Work order. Make an exact copy, from the records below, of the lines from the line containing "liquidation spikes |" to the line containing "Weide, Insel, Havel", both lines included, excluding pictures.

Given information.

· · ·

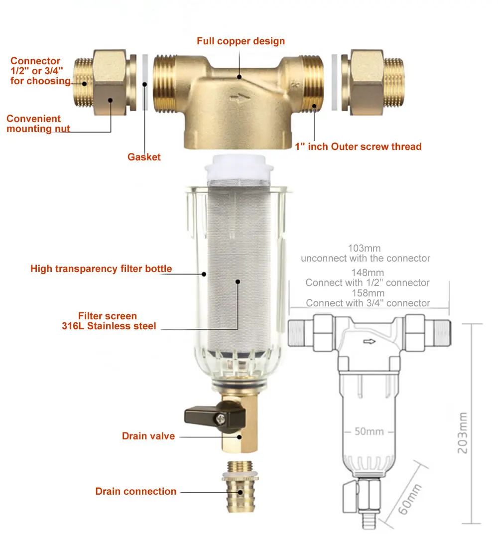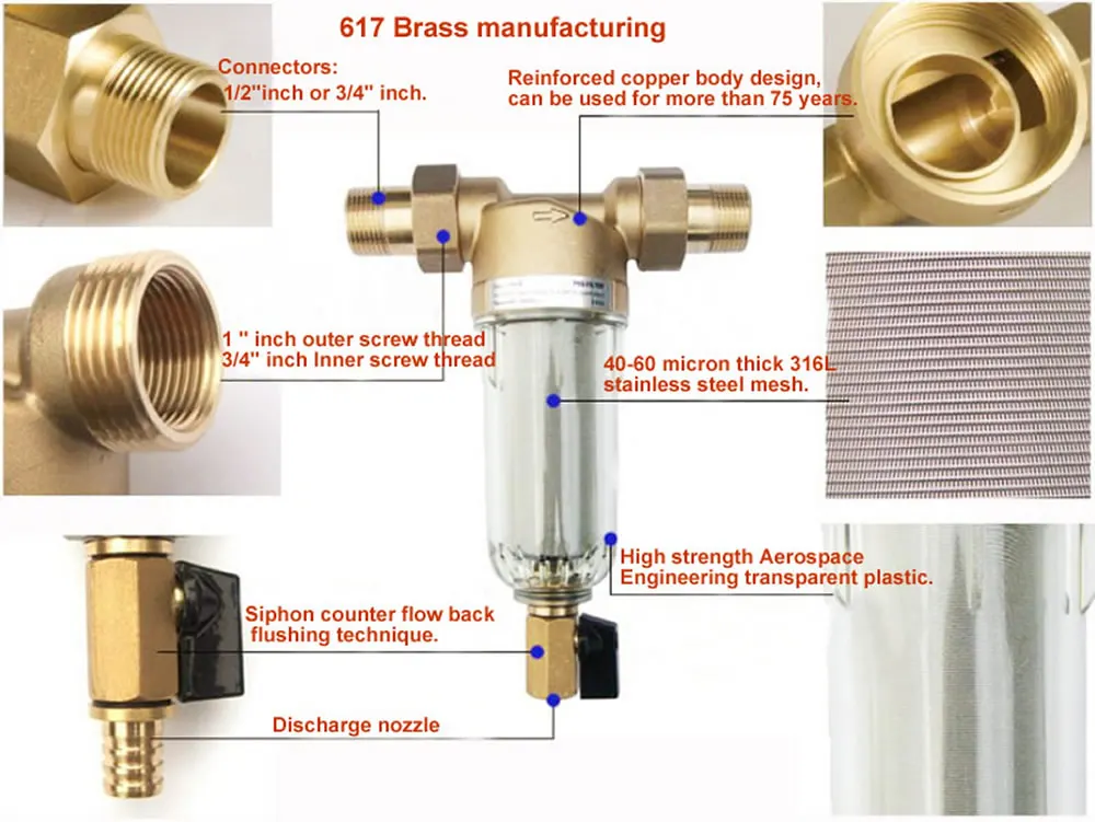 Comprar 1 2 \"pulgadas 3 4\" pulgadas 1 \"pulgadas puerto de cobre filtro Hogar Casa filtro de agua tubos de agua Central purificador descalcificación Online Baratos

· · ·

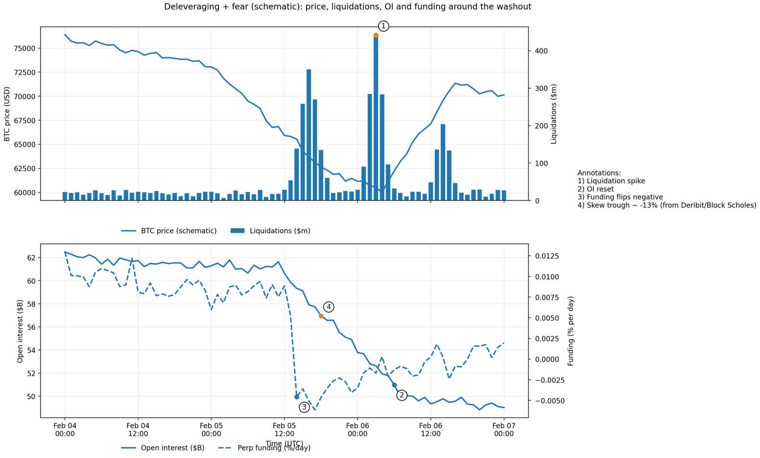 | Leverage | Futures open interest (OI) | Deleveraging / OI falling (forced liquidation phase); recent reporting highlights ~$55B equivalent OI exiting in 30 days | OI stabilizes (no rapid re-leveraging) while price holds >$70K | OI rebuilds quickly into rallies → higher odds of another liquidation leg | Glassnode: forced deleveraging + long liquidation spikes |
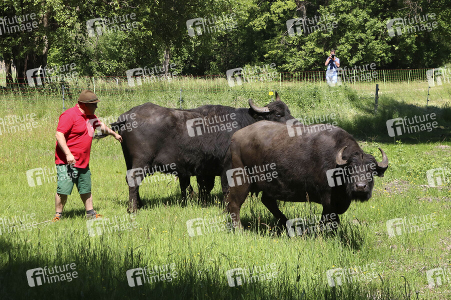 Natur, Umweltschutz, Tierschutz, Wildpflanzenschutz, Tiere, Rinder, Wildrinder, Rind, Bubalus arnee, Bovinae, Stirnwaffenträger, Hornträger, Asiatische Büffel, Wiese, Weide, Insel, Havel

· · ·

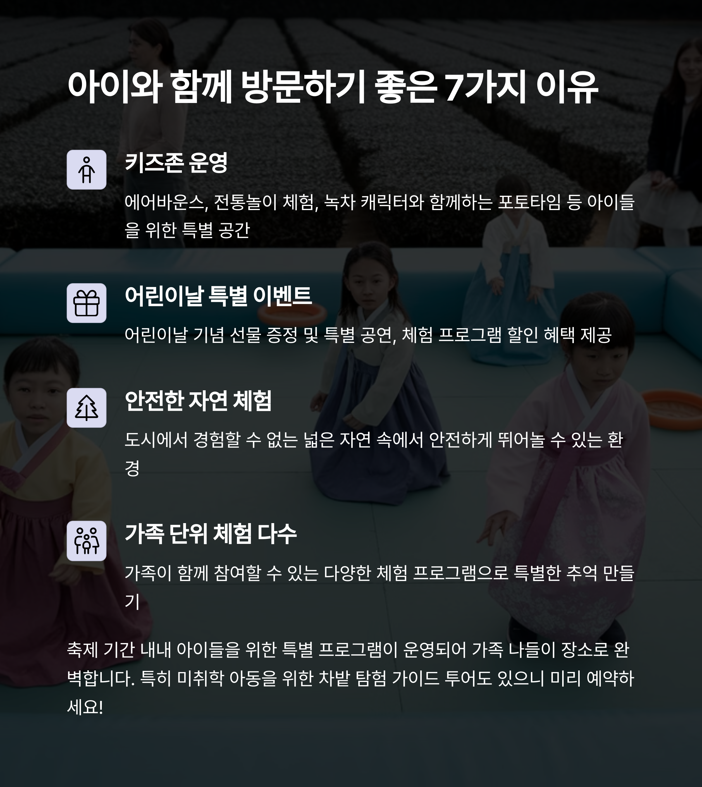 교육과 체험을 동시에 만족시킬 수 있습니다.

· · ·

Solution to this problem.
 | Leverage | Futures open interest (OI) | Deleveraging / OI falling (forced liquidation phase); recent reporting highlights ~$55B equivalent OI exiting in 30 days | OI stabilizes (no rapid re-leveraging) while price holds >$70K | OI rebuilds quickly into rallies → higher odds of another liquidation leg | Glassnode: forced deleveraging + long liquidation spikes |
 Natur, Umweltschutz, Tierschutz, Wildpflanzenschutz, Tiere, Rinder, Wildrinder, Rind, Bubalus arnee, Bovinae, Stirnwaffenträger, Hornträger, Asiatische Büffel, Wiese, Weide, Insel, Havel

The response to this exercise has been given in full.